(Saved data entries)
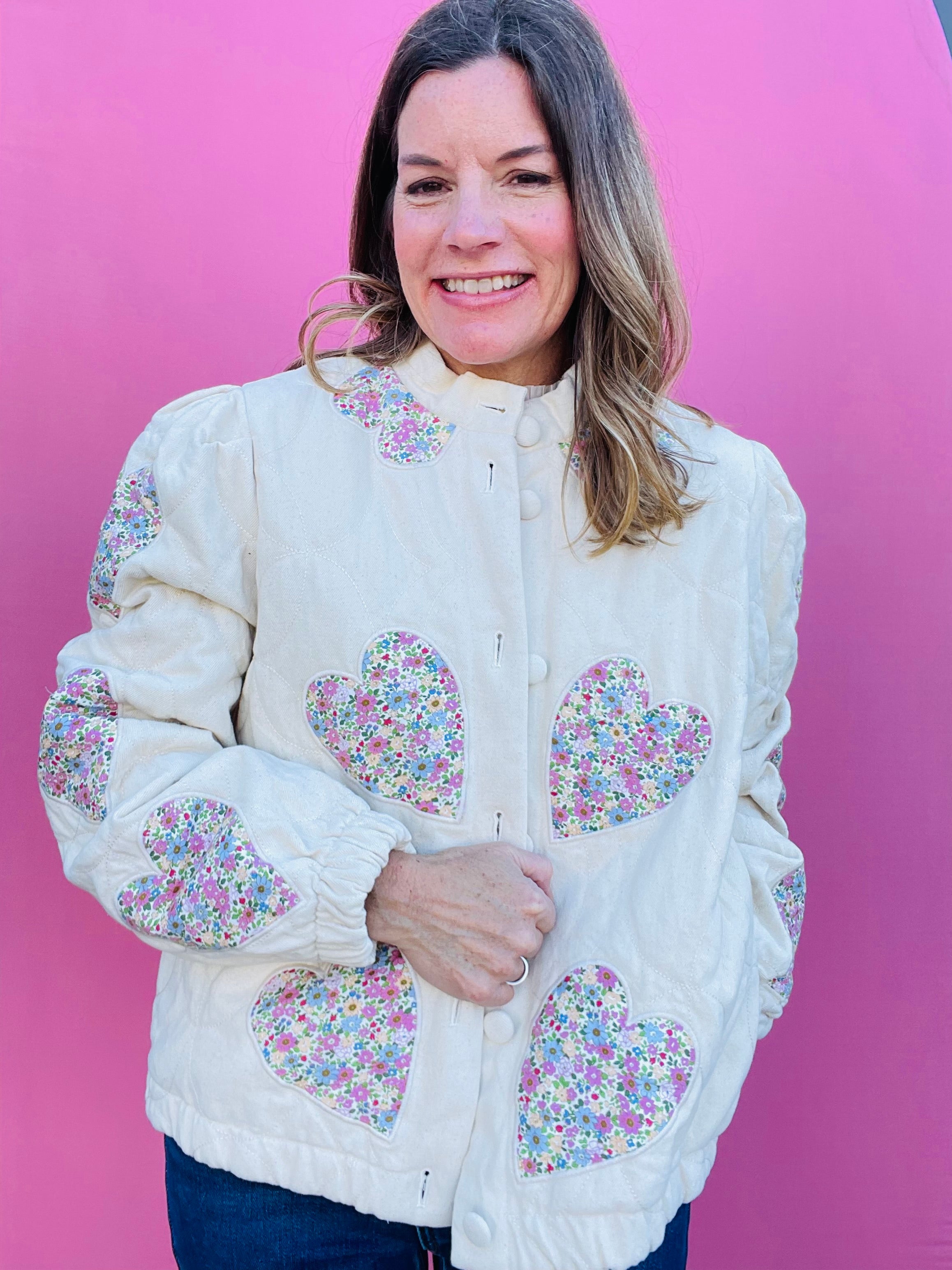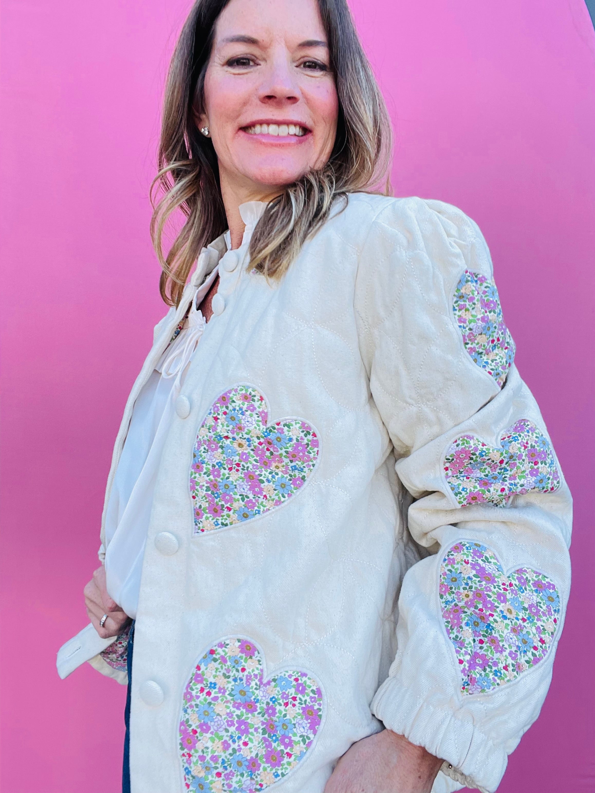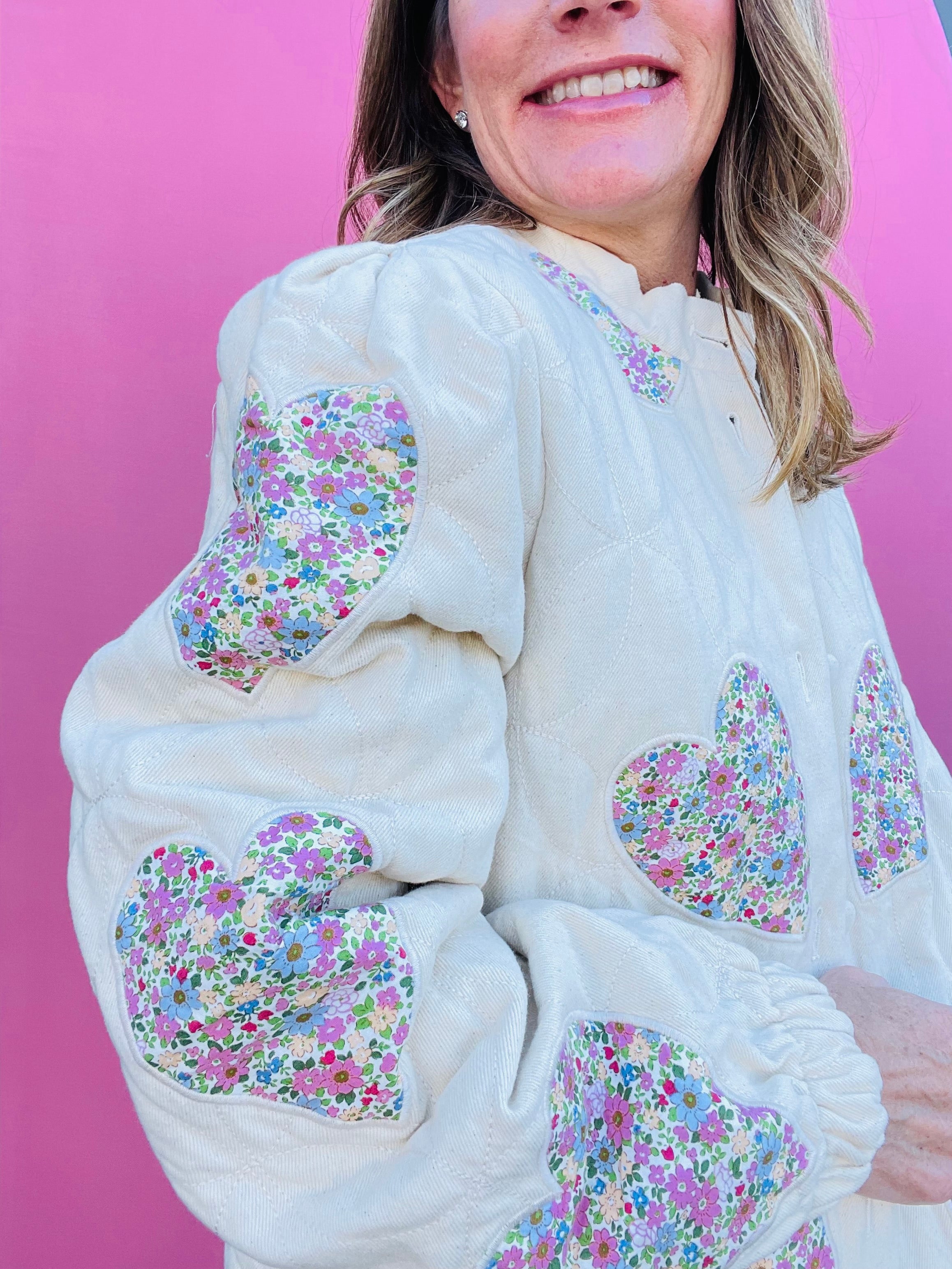 This timeless piece boasts delicate floral quilted hearts, adding a touch of romance to any outfit. Perfect for adding a touch of elegance and sophistication to your wardrobe.
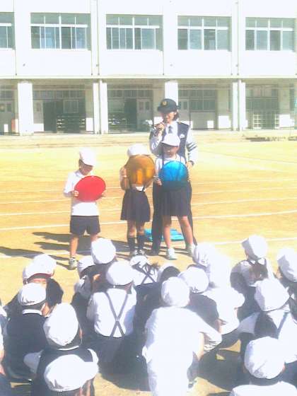 5日(木)に交通安全指導が行われました。東住吉警察の方と区役所ラビット隊のみなさんが、子どもたちに、わかりやすく丁寧に指導してくださいました。
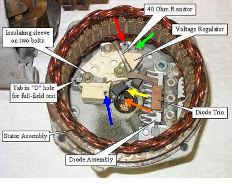The question often arises about "upgrading" to a replacement generator with a higher output current. There are also kits available for modifying the generator you already have. All that's needed to get that higher current is to add a few inches of copper wire to the stator coils, and to replace the six diodes with those than can handle the higher current. When contemplating this modification, it's important to remember it doesn't matter what the generator is capable of. They all are just going to develop the amount of current that is needed, and no more. Similarly, a massive water pump can fill a municipal water tower in a few days, but once full, it will only pump as much water as needed to keep the tower full, and no more.
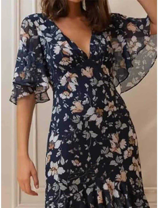 Damen Maxikleid mit Volant und V-Ausschnitt Stalluxe
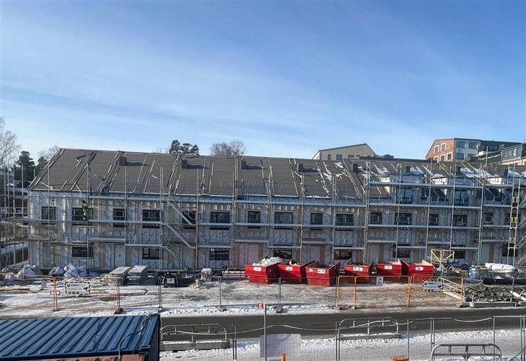 Arbetet med att resa stommarna för hus 10–15 är nu i full gång. Denna första huslänga beräknas vara klar i början av december. Efter det fortsätter vi med stomresningen av hus 1–9. Under januari kommer samtliga hus vara på plats och området börjar ta sin slutliga form. Samtidigt påbörjar vi det invändiga arbetet, där vi bygger innerväggar, installerar el, ventilation och andra ledningar samt lägger golv. Till våren startar vi arbetet med att putsa fasaderna och montera träpanelen.

• [TO DO]: The required output is the exact run of lines from the start of the records through the line containing "5日(木)に交通安全指導が行", both ends included, with no pictures.

• [WRITTEN RESPONSE]:
 This timeless piece boasts delicate floral quilted hearts, adding a touch of romance to any outfit. Perfect for adding a touch of elegance and sophistication to your wardrobe.
 5日(木)に交通安全指導が行われました。東住吉警察の方と区役所ラビット隊のみなさんが、子どもたちに、わかりやすく丁寧に指導してくださいました。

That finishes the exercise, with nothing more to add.